Pendant près de quatre ans, les journées de Vladimir Miladinovic ont commencé irrémédiablement par un même rituel: un café et le journal d’un des criminels de guerre les plus notoires des Balkans, Ratko Mladic.
Mot pour mot, l’artiste-plasticien a recopié laborieusement, à la main, 400 pages de ce journal, qui débute en 1992, sur de grands papiers blancs qui tapissent désormais les murs de la galerie Eugster à Belgrade.
Rédigées dans un langage strictement militaire, les notes de Ratko Mladic ne sont pas des griffonnages fous auxquels on pourrait s’attendre d’un homme souvent qualifié de « personnification du mal ». Il s’agit plutôt de notes résumées et soignées, touchant à la politique, à des questions militaires, avec de sobres commentaires et remarques.
« Au final, nous pourrions dire que c’est même banal, un langage banal qui ne dit rien, mais en même temps dit pas mal de choses », explique à l’AFP Vladimir Miladinovic.
Les plaies des conflits restent ouvertes
Récrire le journal était « une démarche visant à se confronter au passé sur lequel nous sommes toujours obligés de nous pencher aujourd’hui, 25 ans après la guerre », ajoute le plasticien de 39 ans.
Car si la justice fait son chemin, les plaies des conflits qui ont déchiré l’ex-Yougoslavie restent ouvertes.
Certes, Mladic a été condamné en 2017 par la justice internationale à la perpétuité notamment pour le génocide de Srebrenica à la fin du conflit en Bosnie (1992-95) – son procès en appel doit débuter le 25 août.

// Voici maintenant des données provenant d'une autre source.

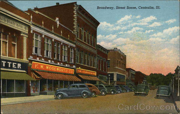 Front: Broadway, Street Scene, Centralia, Ill. NTS STATE BANK TTER F. W. WOOLWORTH CO. SEPESCEL TATS Back: SOUTHERN ILLINOIS NEWS COMPANY, CHRISTOPHER, ILL. کے لیے 9A395 -N

Mais l’héritage de l’ex-chef militaire des Serbes de Bosnie, aujourd’hui âgé de 77 ans, reste un sujet de controverses.
Des Serbes le considèrent comme un héros
De nombreux Serbes le considèrent en effet toujours comme un héros et reprochent à la justice internationale d’avoir réduit les conflits des années 1990 à une lutte du bien contre le mal.
Le gouvernement serbe, qui coopère à contre-cœur avec le Tribunal de La Haye, n’a jamais renié Mladic, ni reconnu le génocide de Srebrenica.
En juillet 1995, les troupes de Mladic y ont massacré systématiquement 8.000 hommes et garçons musulmans.
Des archives, témoignant du passé turbulent de son pays
Lorsque le Tribunal pénal international pour l’ex-Yougoslavie (TPIY) a condamné Mladic, le président serbe Aleksandar Vucic a appelé à « se tourner vers l’avenir ».
Miladinovic a lui choisi d’emprunter une autre voie en examinant au quotidien des archives, entrant dans le moindre détail du passé turbulent de son pays.
Dans ses œuvres précédentes, l’artiste avait déjà recopié des documents et journaux, tels qu’une liste d’objets découverts dans les fosses communes liées au conflit au Kosovo (1998-99).
Sa dernière exposition, intitulée « le carnet », n’est toutefois que la dernière incarnation en date du journal qui a sa propre histoire.
Il comprend en tout 18 cahiers, découverts par des enquêteurs du TPIY il y a dix ans derrière un faux mur dans le foyer de la femme de Mladic.
A l’époque, le général est encore en cavale et ne sera arrêté qu’en 2011 après 16 ans de clandestinité.
Ecrit en serbe à la main, en alphabet cyrillique, il est alors transformé en une version numérique par une équipe de graphologues et ensuite traduit en anglais et en français pour les besoins du TPIY.
Le journal répertorie le nombre exact de Serbes
Dans le cadre de son projet, Miladinovic a retraduit ces textes en serbe depuis l’anglais.
Une des entrées du journal répertorie le nombre exact de Serbes dans différentes villes de la Bosnie, un décompte qui fait penser au nettoyage ethnique qui s’en est suivi lorsque Mladic a mis en forme l’entité à majorité serbe dans des régions également habitées avant le conflit par des Croates et des Musulmans.
« Nous avons un Etat à portée de main, il faut juste le saisir », écrit-il en rapportant une conversation avec Momcilo Krajisnik, un leader politique des Serbes de Bosnie lui aussi condamné par la justice internationale.
Les points de vue personnels de Mladic sont difficiles à déceler. A un moment, il écrit sous les mots « ma contribution » une liste de choses nécessaires au peuple serbe en Bosnie.
Les mots « Unité », « main d’oeuvre et officiers », « des fonds pour mener la guerre » et « alliés » figurent sur cette liste.
L’exposition de la galerie Eugsberg a suscité plus d’intérêt à l’étranger, ce qui ne surprend pas Vladimir Miladinovic. « Elle s’efforce de faire le contraire de ce que la société veut faire, oublier, nier, effacer des sujets aussi importants du passé », dit-il.